Tuntutan referendum oleh "segelintir" mahasiswa dikota sejarah pergerakan OPM , Manukwari, (pemberentotakan bersenjata paling pertama OPM dipimpin Rumkorem di kota ini), menunjukkan tidak terencana dan terkoordinasi secara menyeluruh, tapi lagi-lagi hanya parsial. Hal ini dibuktikan oleh tiadanya aksi sama oleh organ perjuangan mahasiswa semisal AMP, Front PEPERA, AMPTPI dll secara serentak. Bahkan aksi di Manukwari terkesan secara sendirian karena tidak diikuti sejumlah mahasiswa dikota study Papua sendiri misalnya UNCEN Jayapura, dan lain-lain di Papua.
Malahan AMP surabaya mengganggap ada pihak yang mengatasnamakan mahasiswa karena tidak melakukan koordinasi semua element perjuangan mahasiswa Papua di sejumlah kota study baik di tanah jajahan maupun di lain kota Indonesia (lihat dimilis ini perbedaan pendapat antara AMP Surabaya dan Herman Wainggai).

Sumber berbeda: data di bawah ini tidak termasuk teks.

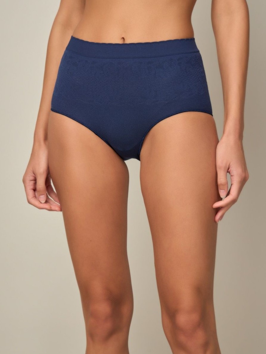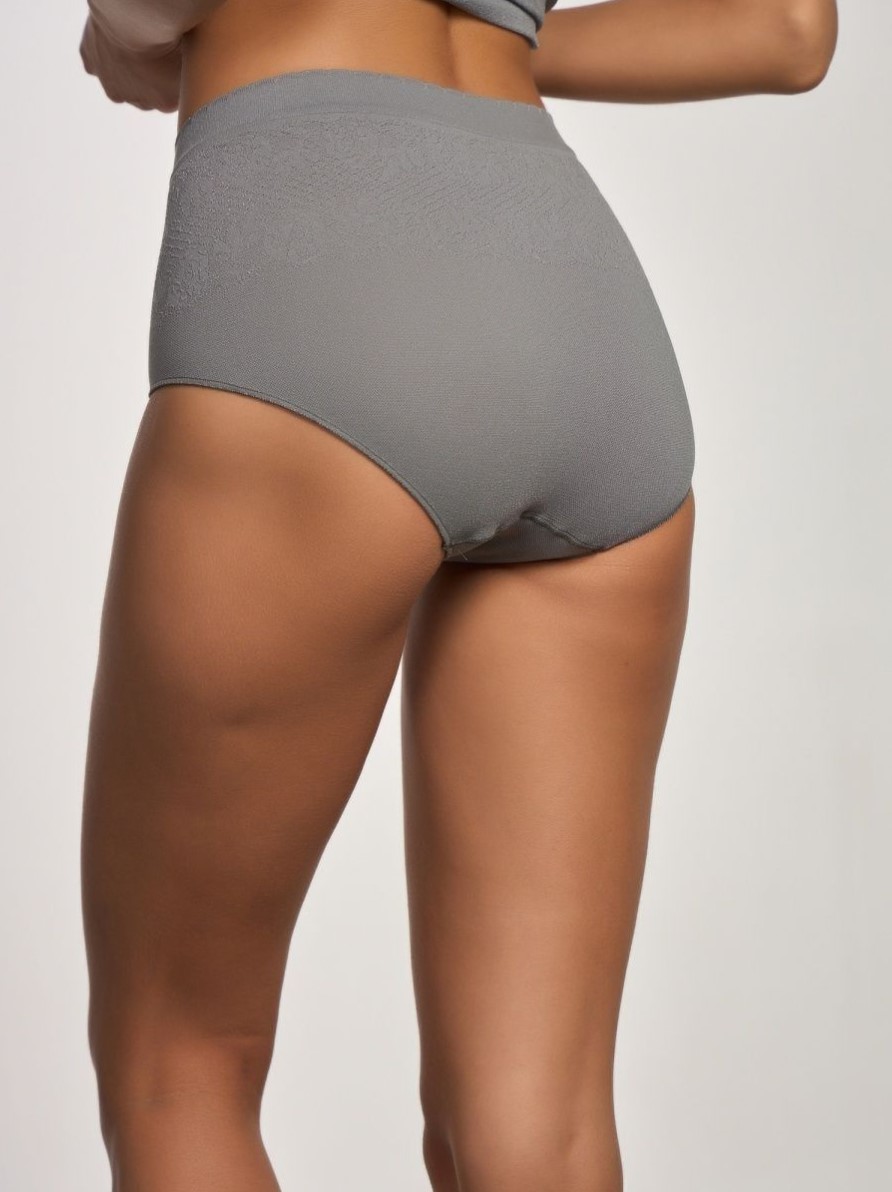 Трусики слипы бесшовные, однотонные, с антибактериальной ластовицей, с широким пояском и вставкой с эффектом кружева.
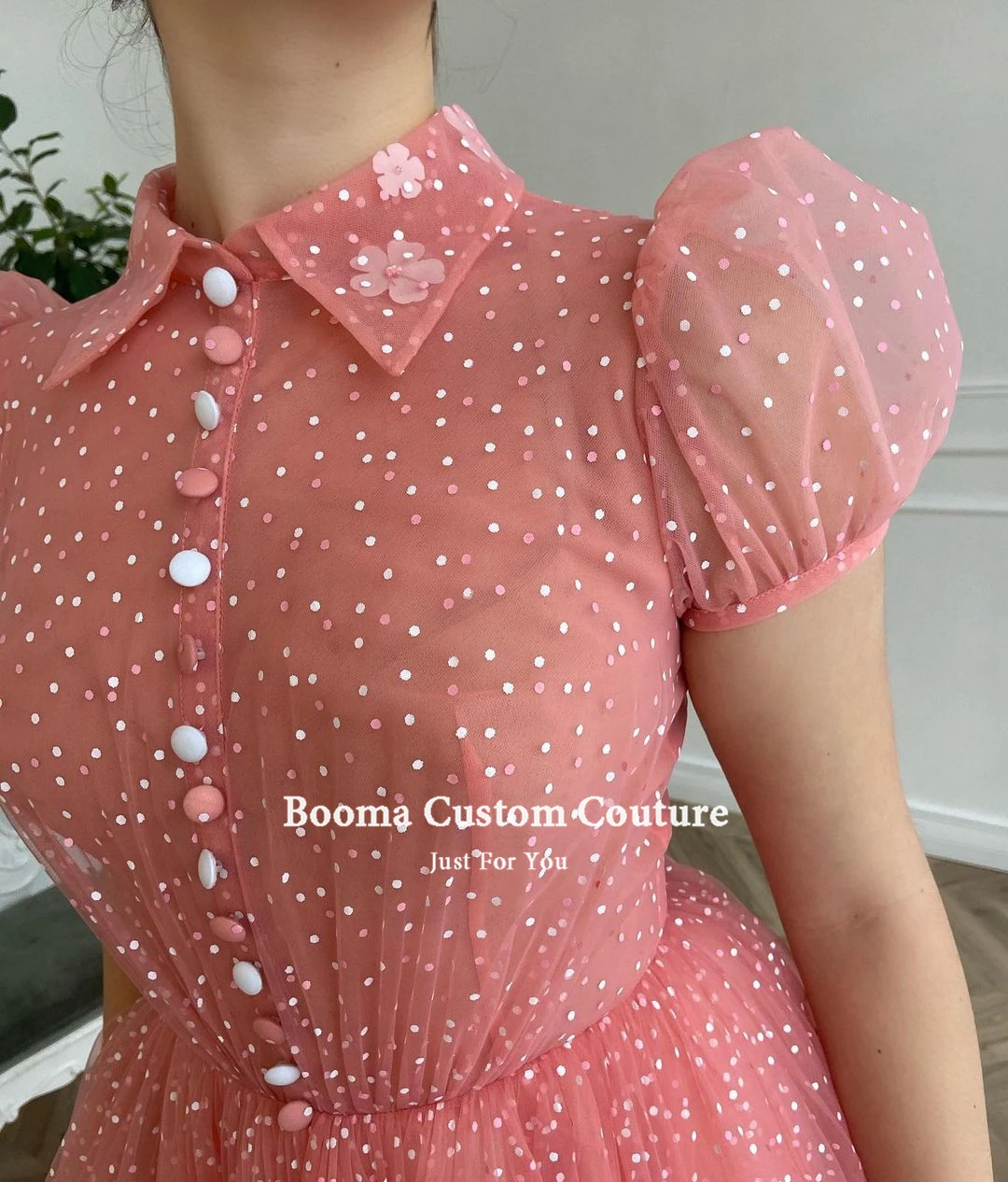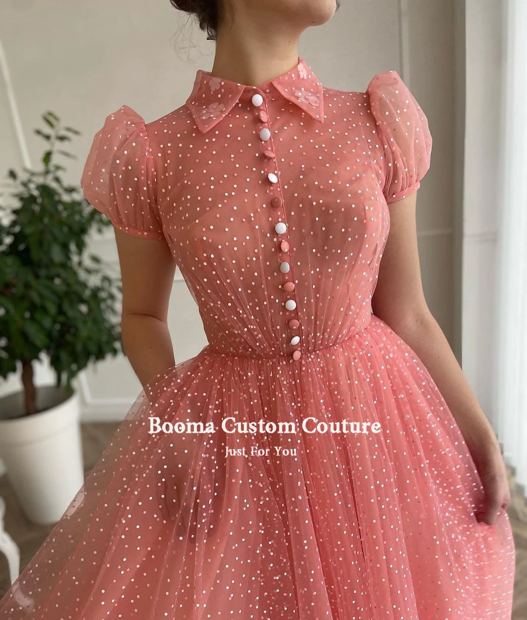 Женское винтажное фатиновое платье Booma, розовое платье средней длины в горошек с короткими рукавами и карманами, свадебное платье длиной до колена

Alasan dibelakang AMP Surabaya terhadap saudara HW dan SONAMAPA-nya dalam perdebatan kecil itu, bahwa SONAMPA, belum membangun basis gerakan massa lebih dulu agar dapat bergerak secara serentak dan diikuti seluruh kekuatan rakyat Papua, sehingga mendapatkan hasil maksimal, tidak partial sebagaimana selalu nyata selama ini.
B. SIKLUS PERMASALAHAN
Segelintir, demikian kata yang cocok di lekatkan pada aksi mahasiswa yang disponsori oleh Sonamapa di kota Pertanian dan sekaligus kota sejarah OPM, Manukwari, dalam waktu-waktu ini yang ramai di bicarakan orang dalam milis ini dan diliput media massa. (namun peliputan media massa aksi mahasiswa dikoordinasikan di Manukwari kurang menjadi perhatian atau jarang diliput media Indonesia, malahan head line media-media nasional sepi dari peliputan aksi demonstrasi ibu kota propinsi kedua negara boneka buatan penjajah itu.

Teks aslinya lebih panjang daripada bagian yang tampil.